Winnipegger Easterbrook makes splash in scuba world
Manitoba has produced some of the world’s best hockey players and curlers, but a former Winnipegger is getting her due as a pioneer in the scuba diving industry.
Nancy Easterbrook was inducted into the International Scuba Diving Hall of Fame at a ceremony in Grand Cayman on Friday night.
Easterbrook was born and raised in Winnipeg, but moved to Grand Cayman where she and her husband Jay later opened their full-service scuba shop, Divetech, in 1994.
Michelle Wetton, who has been teaching children and adults as a scuba instructor and manager at Winnipeg’s Blue Oasis Dive Centre for 10 years, refers to Easterbrook as her hero.
“She always dreamed of exploring the ocean,” Wetton said on Thursday. “She learned to dive here locally, then began travelling around the world and fell even more in love with it. She then settled on Grand Cayman as the place to raise her family.
“I think what’s remarkable is not only has she opened the shop, but she’s done some amazing things for the country and the diving industry. She’s been able to sink the first US ship (the ex-USS Kittiwake) outside of US waters for an artificial reef.
“It was sunk in an area of the ocean where it was just a sand bottom and now there’s a beautiful reef flourishing on it and nearby.”
Spearheading the Kittiwake operation was an eight-year project for Easterbrook.

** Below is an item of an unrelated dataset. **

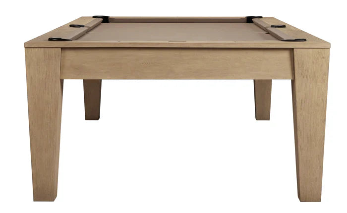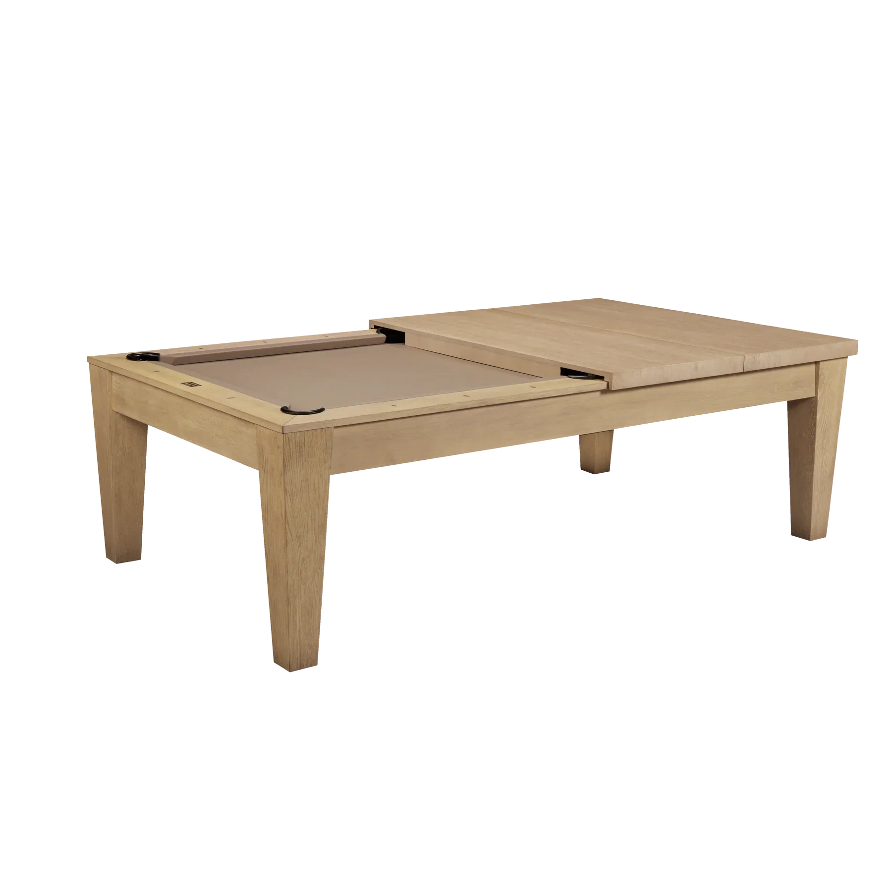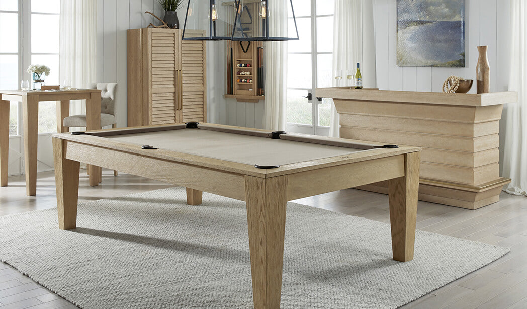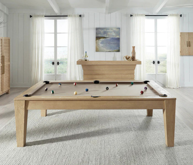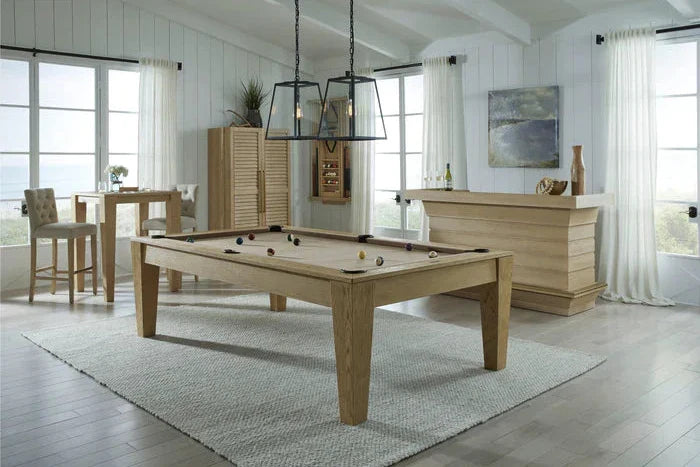 The Aberdeen Pool Table is a modern farmhouse style piece finished in white wash natural oak wood. The Port Royal is formed in solid White oak hardwood and features tournament K66 gum rubber cushions, 1" three piece matching slate play surface, modern drop pockets, and a limited lifetime warranty for both residential and commercial applications. A matching wood dining top and storage bench seating are also available.

In 2014, to celebrate Divetech’s 20th anniversary, Easterbrook sank the Guardian of the Reef statue near her shop, located at Lighthouse Point in Northwest Grand Cayman.
A portion of each Divetech fee goes toward ocean conservation education for the youth of Grand Cayman. Divetech is the first solar and wind-powered dive shop and condominium development in the world for ecologically minded scuba divers, Wetton noted.
Wetton is on maternity leave following the birth of her daughter, Coral (brilliant name for the daughter of a diver), but will head to Grand Cayman later this month. It will mark her eighth visit to the diver’s paradise.
“We’ll be diving the whole week that we’re there,” Wetton said. “Diving in Grand Cayman is everything you would dream of.
“The reefs are colourful and abundant, there’s fish covering every inch of them. You are just surrounded by marine life.”
Blue Oasis will book another trip to Grand Cayman in October 2016. For more details, go to blueoasis.ca.
GOOD ON GERDAU
Employees at the Gerdau recycling plant in Selkirk honoured former employee, Beth Vett, by being the top fundraising team in the Relay For Life in Steeltown on Sept. 15.
Participating in Vett’s memory, the team raised nearly $6,000 for the Canadian Cancer Society’s signature event.
“We lost a friend and member of the Gerdau family, so we wanted to honour Beth through this cause,” Julie Moffat, human resources manager of Gerdau’s Manitoba locations, said in a release. “I am proud of our employees for coming together to raise money and awareness.”
HELPING HARVEST
Red River Co-op recently gave Winnipeg Harvest a huge boost with a cheque for $25,000 toward the food bank’s community gardening programs.
Harvest’s community garden is operated entirely by volunteers and its produce is used to make daily lunches for up to 150 volunteers. It is also distributed to local agencies and food banks.
IMAGE: Nancy Easterbrook (left) and Michelle Wetton stand near the Guardian of the Reef statue before it was sunk near Easterbrook’s dive shop in Grand Cayman last year.